**YOUR ASSIGNMENT:** Every line below from the one containing "Tədbiri giriş sözü" through the one containing "बोलपत्र स्वीकृतिको आशय" is to be printed exactly, with the pictures omitted.

**ENTRIES SUPPLIED:**
= = = = =

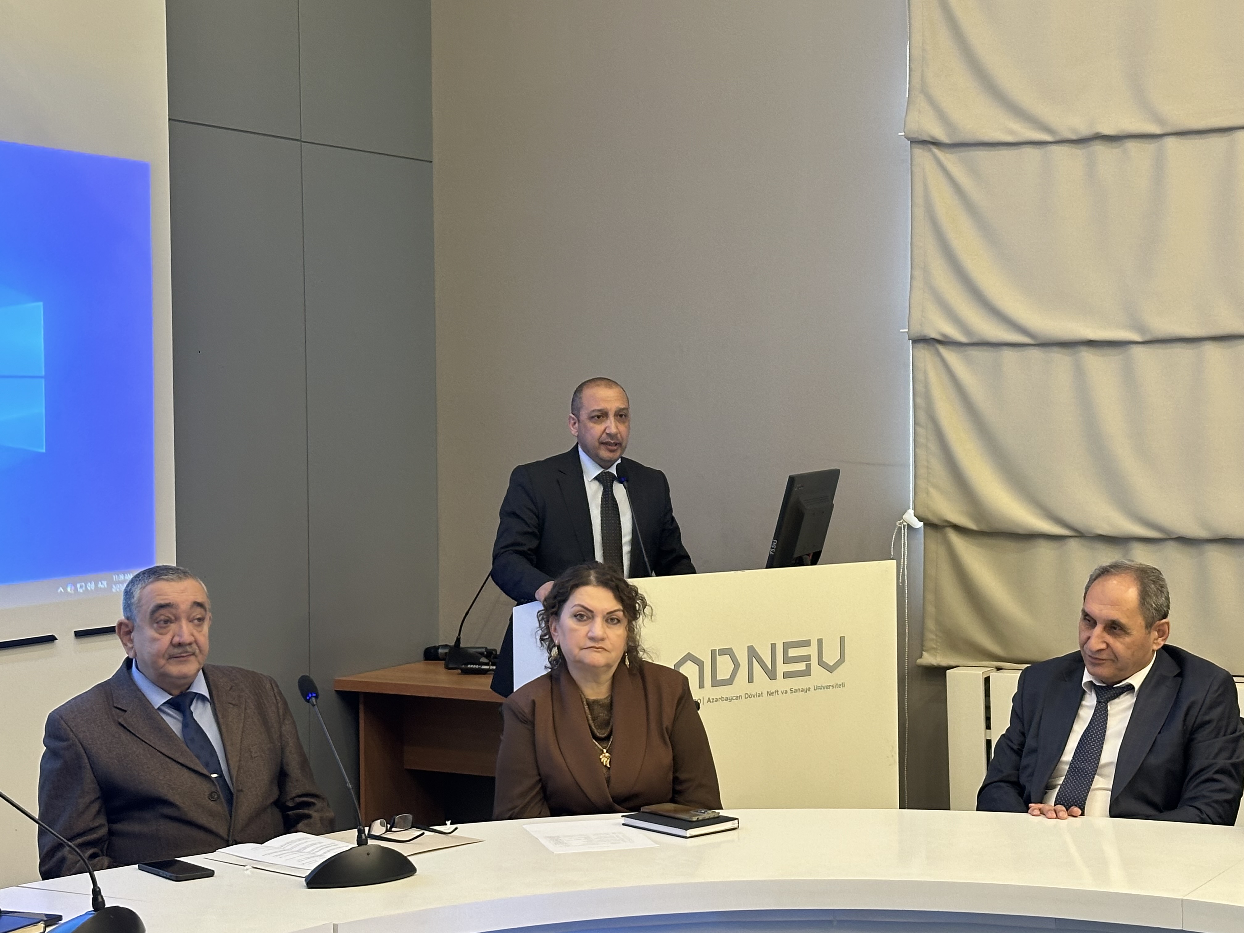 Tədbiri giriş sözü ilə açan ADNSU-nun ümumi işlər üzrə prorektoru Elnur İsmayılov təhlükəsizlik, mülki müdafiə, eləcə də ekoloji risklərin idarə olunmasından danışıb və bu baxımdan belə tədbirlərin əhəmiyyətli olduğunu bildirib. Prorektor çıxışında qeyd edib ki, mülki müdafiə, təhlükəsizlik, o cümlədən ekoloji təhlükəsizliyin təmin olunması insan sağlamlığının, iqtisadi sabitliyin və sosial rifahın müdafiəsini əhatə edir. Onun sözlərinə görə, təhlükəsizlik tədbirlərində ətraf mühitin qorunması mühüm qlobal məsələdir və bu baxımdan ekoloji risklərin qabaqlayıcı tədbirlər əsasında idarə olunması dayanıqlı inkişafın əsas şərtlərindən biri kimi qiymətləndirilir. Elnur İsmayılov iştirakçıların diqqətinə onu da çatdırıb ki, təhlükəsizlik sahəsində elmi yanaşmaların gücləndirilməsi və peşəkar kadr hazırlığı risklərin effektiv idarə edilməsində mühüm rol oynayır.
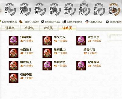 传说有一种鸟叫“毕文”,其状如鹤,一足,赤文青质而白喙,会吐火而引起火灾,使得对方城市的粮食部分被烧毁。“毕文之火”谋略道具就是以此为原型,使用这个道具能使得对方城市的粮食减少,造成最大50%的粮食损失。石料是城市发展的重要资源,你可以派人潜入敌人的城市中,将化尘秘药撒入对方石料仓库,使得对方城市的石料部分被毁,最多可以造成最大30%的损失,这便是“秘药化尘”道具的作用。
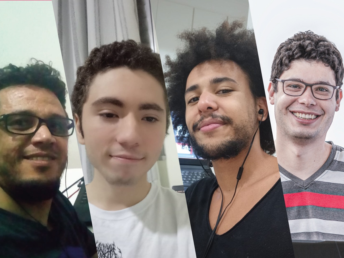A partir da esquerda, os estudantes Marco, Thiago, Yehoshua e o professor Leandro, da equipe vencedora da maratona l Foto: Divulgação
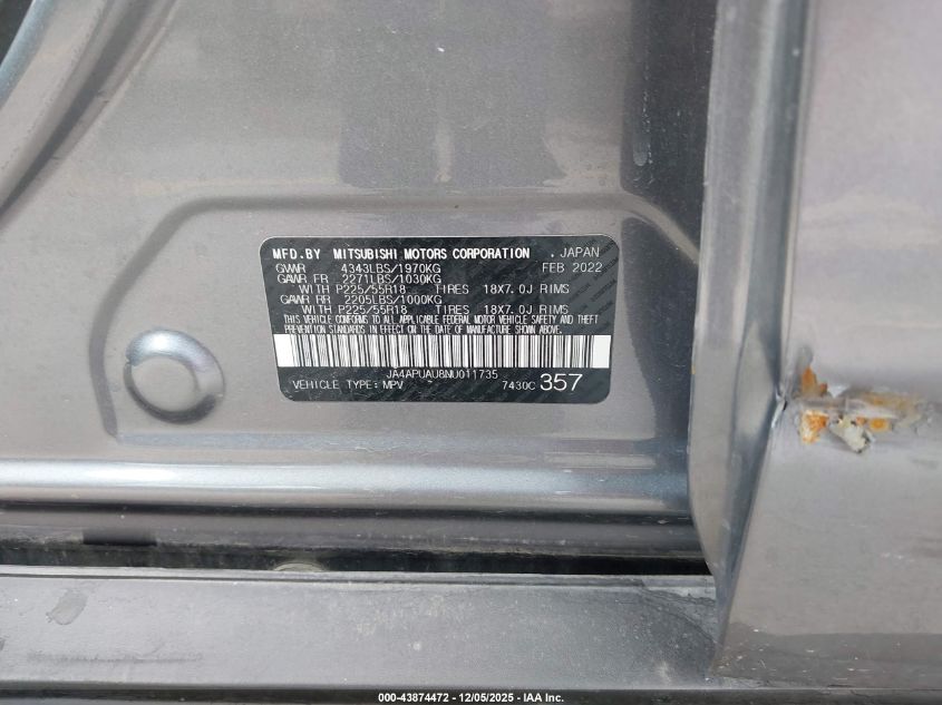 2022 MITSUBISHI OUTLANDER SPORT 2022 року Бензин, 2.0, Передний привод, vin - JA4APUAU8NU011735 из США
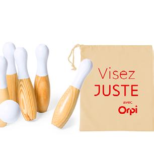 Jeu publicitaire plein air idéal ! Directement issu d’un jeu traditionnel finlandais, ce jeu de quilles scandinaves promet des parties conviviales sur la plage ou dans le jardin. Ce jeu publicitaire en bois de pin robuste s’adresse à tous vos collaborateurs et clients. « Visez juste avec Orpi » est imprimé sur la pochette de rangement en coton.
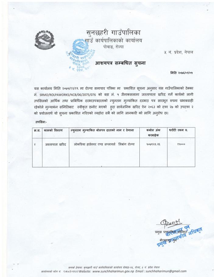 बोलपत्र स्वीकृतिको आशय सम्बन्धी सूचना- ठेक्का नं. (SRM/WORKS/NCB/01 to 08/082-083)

= = = = =

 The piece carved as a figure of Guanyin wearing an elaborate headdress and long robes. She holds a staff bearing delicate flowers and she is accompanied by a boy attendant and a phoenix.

= = = = =

**ANSWER SECTION:**
 Tədbiri giriş sözü ilə açan ADNSU-nun ümumi işlər üzrə prorektoru Elnur İsmayılov təhlükəsizlik, mülki müdafiə, eləcə də ekoloji risklərin idarə olunmasından danışıb və bu baxımdan belə tədbirlərin əhəmiyyətli olduğunu bildirib. Prorektor çıxışında qeyd edib ki, mülki müdafiə, təhlükəsizlik, o cümlədən ekoloji təhlükəsizliyin təmin olunması insan sağlamlığının, iqtisadi sabitliyin və sosial rifahın müdafiəsini əhatə edir. Onun sözlərinə görə, təhlükəsizlik tədbirlərində ətraf mühitin qorunması mühüm qlobal məsələdir və bu baxımdan ekoloji risklərin qabaqlayıcı tədbirlər əsasında idarə olunması dayanıqlı inkişafın əsas şərtlərindən biri kimi qiymətləndirilir. Elnur İsmayılov iştirakçıların diqqətinə onu da çatdırıb ki, təhlükəsizlik sahəsində elmi yanaşmaların gücləndirilməsi və peşəkar kadr hazırlığı risklərin effektiv idarə edilməsində mühüm rol oynayır.
 传说有一种鸟叫“毕文”,其状如鹤,一足,赤文青质而白喙,会吐火而引起火灾,使得对方城市的粮食部分被烧毁。“毕文之火”谋略道具就是以此为原型,使用这个道具能使得对方城市的粮食减少,造成最大50%的粮食损失。石料是城市发展的重要资源,你可以派人潜入敌人的城市中,将化尘秘药撒入对方石料仓库,使得对方城市的石料部分被毁,最多可以造成最大30%的损失,这便是“秘药化尘”道具的作用。
A partir da esquerda, os estudantes Marco, Thiago, Yehoshua e o professor Leandro, da equipe vencedora da maratona l Foto: Divulgação
 2022 MITSUBISHI OUTLANDER SPORT 2022 року Бензин, 2.0, Передний привод, vin - JA4APUAU8NU011735 из США
 Jeu publicitaire plein air idéal ! Directement issu d’un jeu traditionnel finlandais, ce jeu de quilles scandinaves promet des parties conviviales sur la plage ou dans le jardin. Ce jeu publicitaire en bois de pin robuste s’adresse à tous vos collaborateurs et clients. « Visez juste avec Orpi » est imprimé sur la pochette de rangement en coton.
 बोलपत्र स्वीकृतिको आशय सम्बन्धी सूचना- ठेक्का नं. (SRM/WORKS/NCB/01 to 08/082-083)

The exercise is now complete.